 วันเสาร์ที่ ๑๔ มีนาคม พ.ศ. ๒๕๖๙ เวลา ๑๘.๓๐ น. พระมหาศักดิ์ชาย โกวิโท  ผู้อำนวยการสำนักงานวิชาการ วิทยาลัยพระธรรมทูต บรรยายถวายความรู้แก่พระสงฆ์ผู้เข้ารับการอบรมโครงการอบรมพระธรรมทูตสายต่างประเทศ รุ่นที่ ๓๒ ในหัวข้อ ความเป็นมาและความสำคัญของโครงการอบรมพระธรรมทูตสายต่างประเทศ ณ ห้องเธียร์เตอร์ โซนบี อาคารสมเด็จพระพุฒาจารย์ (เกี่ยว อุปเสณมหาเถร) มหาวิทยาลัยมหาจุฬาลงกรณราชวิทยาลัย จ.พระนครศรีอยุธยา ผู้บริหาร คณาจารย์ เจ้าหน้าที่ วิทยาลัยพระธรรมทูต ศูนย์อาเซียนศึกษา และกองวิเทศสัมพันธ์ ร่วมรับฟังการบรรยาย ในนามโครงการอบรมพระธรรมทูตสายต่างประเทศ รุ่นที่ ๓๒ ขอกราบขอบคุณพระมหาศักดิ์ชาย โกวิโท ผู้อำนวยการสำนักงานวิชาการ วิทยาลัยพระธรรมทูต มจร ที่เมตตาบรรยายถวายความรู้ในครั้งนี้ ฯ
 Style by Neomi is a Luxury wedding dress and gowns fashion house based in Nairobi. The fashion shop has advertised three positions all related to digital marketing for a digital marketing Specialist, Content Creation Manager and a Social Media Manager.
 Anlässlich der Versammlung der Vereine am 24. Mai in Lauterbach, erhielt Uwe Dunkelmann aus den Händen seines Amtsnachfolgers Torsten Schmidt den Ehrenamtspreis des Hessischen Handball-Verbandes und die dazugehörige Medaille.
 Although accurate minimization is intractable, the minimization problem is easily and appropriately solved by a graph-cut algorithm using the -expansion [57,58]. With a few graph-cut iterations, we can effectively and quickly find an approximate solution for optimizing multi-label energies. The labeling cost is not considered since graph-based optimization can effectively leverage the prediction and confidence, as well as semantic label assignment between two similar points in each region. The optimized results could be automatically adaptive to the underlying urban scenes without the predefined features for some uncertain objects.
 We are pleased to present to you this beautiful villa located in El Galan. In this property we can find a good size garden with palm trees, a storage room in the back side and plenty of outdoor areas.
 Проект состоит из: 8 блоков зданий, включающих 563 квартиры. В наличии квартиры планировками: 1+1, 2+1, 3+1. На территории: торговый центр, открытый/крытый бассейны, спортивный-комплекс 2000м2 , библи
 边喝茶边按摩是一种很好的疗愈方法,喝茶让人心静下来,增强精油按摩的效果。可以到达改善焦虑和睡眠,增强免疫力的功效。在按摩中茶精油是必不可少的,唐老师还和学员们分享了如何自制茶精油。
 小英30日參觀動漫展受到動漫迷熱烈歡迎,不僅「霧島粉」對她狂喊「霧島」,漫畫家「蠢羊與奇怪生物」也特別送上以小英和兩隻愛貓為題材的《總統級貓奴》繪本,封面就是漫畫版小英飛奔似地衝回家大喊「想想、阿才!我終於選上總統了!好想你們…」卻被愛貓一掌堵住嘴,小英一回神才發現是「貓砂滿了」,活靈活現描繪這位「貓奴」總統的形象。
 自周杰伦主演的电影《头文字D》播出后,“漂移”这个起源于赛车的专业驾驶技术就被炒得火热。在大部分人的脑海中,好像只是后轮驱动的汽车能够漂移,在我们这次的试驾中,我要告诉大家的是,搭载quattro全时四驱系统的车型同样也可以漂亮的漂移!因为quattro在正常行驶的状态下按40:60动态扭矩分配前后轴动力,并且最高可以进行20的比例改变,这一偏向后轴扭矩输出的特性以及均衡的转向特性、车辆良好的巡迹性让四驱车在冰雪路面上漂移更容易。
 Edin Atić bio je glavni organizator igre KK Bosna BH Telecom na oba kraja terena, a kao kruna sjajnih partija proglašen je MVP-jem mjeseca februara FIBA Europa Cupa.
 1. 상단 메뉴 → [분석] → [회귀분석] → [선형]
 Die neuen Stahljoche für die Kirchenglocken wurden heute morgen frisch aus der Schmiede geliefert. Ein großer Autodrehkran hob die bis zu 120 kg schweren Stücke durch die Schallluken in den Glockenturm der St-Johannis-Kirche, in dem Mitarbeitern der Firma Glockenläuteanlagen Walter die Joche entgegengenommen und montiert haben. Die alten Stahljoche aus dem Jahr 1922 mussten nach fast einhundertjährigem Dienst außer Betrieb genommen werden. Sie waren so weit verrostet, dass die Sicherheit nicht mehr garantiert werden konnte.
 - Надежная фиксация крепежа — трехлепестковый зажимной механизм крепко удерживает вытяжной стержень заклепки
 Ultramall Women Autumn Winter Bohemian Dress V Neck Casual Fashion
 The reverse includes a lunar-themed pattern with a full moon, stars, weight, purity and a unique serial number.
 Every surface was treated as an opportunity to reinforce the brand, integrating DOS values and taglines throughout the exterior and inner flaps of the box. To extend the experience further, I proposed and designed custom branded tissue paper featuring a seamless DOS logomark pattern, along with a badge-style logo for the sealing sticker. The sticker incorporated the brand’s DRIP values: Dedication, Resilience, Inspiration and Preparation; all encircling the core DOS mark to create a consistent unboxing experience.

========================

» **WHAT THE TASK ASKS**: Would you show each line of the listing above that has the string "pattern"?

» **RESPONSE TO THIS EXERCISE**:
 The reverse includes a lunar-themed pattern with a full moon, stars, weight, purity and a unique serial number.
 Every surface was treated as an opportunity to reinforce the brand, integrating DOS values and taglines throughout the exterior and inner flaps of the box. To extend the experience further, I proposed and designed custom branded tissue paper featuring a seamless DOS logomark pattern, along with a badge-style logo for the sealing sticker. The sticker incorporated the brand’s DRIP values: Dedication, Resilience, Inspiration and Preparation; all encircling the core DOS mark to create a consistent unboxing experience.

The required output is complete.